Outsourcing for Newbies, and a Refresher for All

While Fortune 500 companies routinely outsource everything from distribution centers and transportation management to packaging, freight audit/payment and other functions, your up-and-coming company may only need to outsource a single function of its operations, perhaps a combination. It’s rarely an easy decision process, but the objective is always clear.

Growing companies need access to better technology, engineering and IT staff. To preserve working capital and promote flexibility, many choose to leverage the capabilities of a third-party-logistics (3PL) provider for carrier spend, facility occupancy and more.

To help you get the most out of this experience, I offer a few points to ponder as you move forward.

Choose Carefully— As you evaluate the pool of available providers, look for one that matches up well with your own company’s culture and size. Global companies tend to use global providers, so take a clue and look at doing business with those that have the resources to fill in the gaps in your company, not duplicate them.

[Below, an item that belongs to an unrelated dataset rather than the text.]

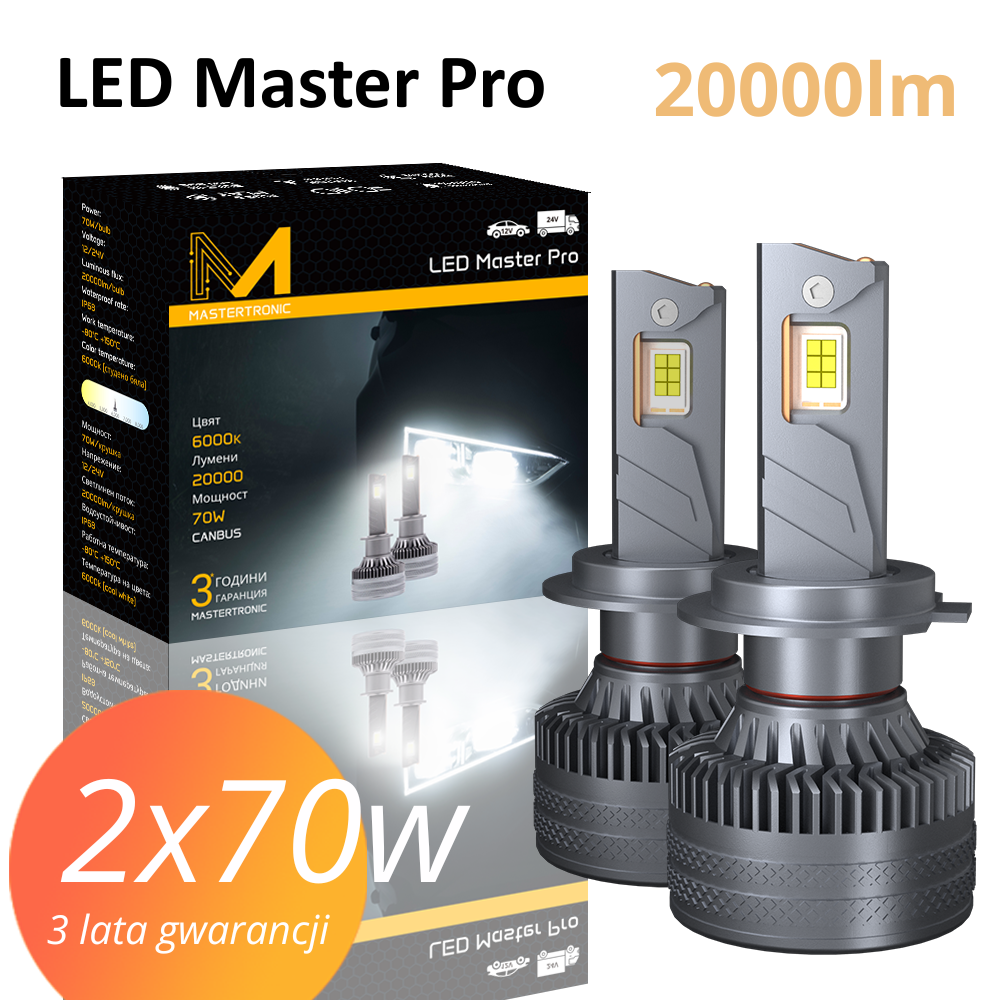 LED Master Pro - LED крушки MASTERTRONIC 12/24V, 6000K, 140W, H7

After the sales effort ends and the real business begins, you want a provider who views your operation as a critical revenue stream. This commitment is most often reflected in the availability of extra truck capacity and staffing during peak periods.

There is plenty of advice out there about making sure the 3PL is financially stable and has the right capabilities to fit your needs. However, I encourage going beyond in your evaluation by engaging the senior management team and getting to know them. Make sure they are in your foxhole and truly committed. If the service provider is a public company or owned by a private equity firm, they require growth to satisfy investors—not a bad thing; just be sure you are more than someone’s sales quota.

Plan, Plan, Execute— Once you have the right partner, don’t shortchange the planning process. Engage in a collaborative project plan that breaks out all the elements, assigns responsibilities for both parties, and makes firm time commitments, all of which drive accountability. Take more time than you think you will need in the planning phase, and make sure the technology links are well designed and tested. That way, you can begin operations with confidence, knowing good data is flowing in both directions.

Commitment and Resource Allocation— Be sure everyone on the project is truly committed to the outsourcing decision. Hurt feelings, a sense of lost control, authority, or simply feeling like the job should be kept “in house” can derail an implementation. Often, strong leadership is required to overcome emotion. If these feelings pervade within your management team, then don’t outsource.

Don’t skimp on the talent allocation to implement, either. People get stressed when an implementation is added to their plate of regular tasks, particularly in the IT arena. Create realistic, reasonable timelines to ensure both sides are engaged and committed to meeting the established milestones.

What Does Success Look Like?— Don’t go overboard on the metrics at first. Simply select six areas to measure and track. These key performance indicators (KPIs) are your friends. They will drive your continuous process improvement effort, provide discussion topics for cost reduction, and establish expectations. People like to know when they are winning, so make a scorecard.

Strive for Mutual Success— Include a “no-surprise” policy and create an atmosphere of openness between you and your 3PL provider. Share your sales plan so the provider can staff up when you know orders will peak. Are more space, truck capacity, or other resources needed to ensure your customers are satisfied? Like most of the above items, this goes both ways. You have the right to hear straight talk if your provider sees anything that might hamper performance.

The decision to outsource any aspect of your operation is rarely easy, but sticking to these fundamental guidelines will foster not only a better experience, but also more thorough execution. By selecting the right partner and implementation team, setting expectations, and aligning culture, you have a formula for a successful project. Whether it is a multi-channel fulfillment operation, transportation management program, or plant materials management program, I can tell you it’s a formula that works.